In this project, we are developing an approach for scanning millions of spreadsheets to extract datasets automatically and to predict relationships among the extracted datasets. The relationships that our system predicts will help spreadsheet users detect errors in spreadsheets and avoid the substantial financial losses that result from these errors. It will also make it easy for them to publish their datasets to public databases or to migrate it to relational or NoSQL databases. Database systems have very sophisticated query language, such as Structured Query Language (SQL), that allows analysts to perform complex analysis tasks over data stored in several tables. These types of tasks are impossible to achieve with current spreadsheets tools.
People
- Abdussalam Alawini, University of Illinois at Urbana-Champaign
- Hang Song, University of Illinois at Urbana-Champaign
- Yitao Meng, University of Illinois at Urbana-Champaign
From imperative to declarative: A data-driven study of how students learn Structured Query Language (SQL)
Structured Query Language (SQL) is the de facto standard for querying databases, thus it is critical for many professionals to have a solid understanding of how SQL works to make data-driven decisions. Yet despite the importance of databases, we know little about how people learn to write SQL, especially compared to other programming paradigms. Yet, knowledge of SQL is vital to the use of data science for accelerating scientific inquiry, business decision-making, and effective healthcare.
SQL is a declarative query language, which is a completely different paradigm than imperative programming languages such as Python, Java, or C. Consequently, the majority of misconceptions and programming difficulties research conducted in these paradigms does not translate well, if at all, to how people learn SQL. In this project, we propose to both provide foundational research on how people learn SQL and create infrastructure for facilitating future research and dissemination of that research. This project aims to:
- Analyze thousands of student SQL submissions using automated program analysis techniques to identify common student mistakes in writing SQL queries.
- Use qualitative interviews to more richly explore common student mistakes.
- Create an open-source web app through which instructors can quickly see the common mistakes their students are making in real-time to facilitate just-in-time instruction and active learning and contribute to a repository of data for future research on common student mistakes.
People
- Abdussalam Alawini, University of Illinois at Urbana-Champaign
- Geoffery Herman, University of Illinois at Urbana-Champaign
- University of Illinois at Urbana-Champaign
- Eric Wang, University of Illinois at Urbana-Champaign
- Micah Meng, University of Illinois at Urbana-Champaign
Data Citation for Data Science Applications
To support modern data science applications, this work aims to develop a generic framework that works across a variety of different database models, e.g., graph-based, and semi-structured data.

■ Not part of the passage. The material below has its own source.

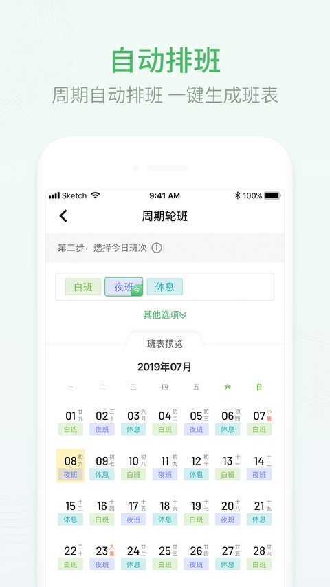 1、轮班闹钟 依据班次表的不同班次智能响铃,不用再每天去手动设置系统闹钟,省却倒班人群日常烦恼。 2、数据备份 微信登陆可以将数据自动同步至云端,即使换手机也不会丢失数据。还可同时使用同名微信小程序,数据同步,更方便查看班表。 3、操作简单 周期和手动两种排班方式,分别针对周期固定和不固定的工作人群;操作流程简单,可根据一个周期的工作安排自动生成专属工作班表。 4、排班日历 界面清爽简洁,只为最纯净的使用体验。还可将特定月份班表生成为图片分享给同事,方便协商调换班。软件亮点

We are working on integrating our data citation framework with existing data science environments. One problem to consider is that data science applications operate on various file formats such as comma-separated values (CSV), XML, JSON, and text, some of which do not have query language support (e.g., CSV). We want to develop techniques for tracking data ownership across these formats and using this information to generate citations for data science results automatically.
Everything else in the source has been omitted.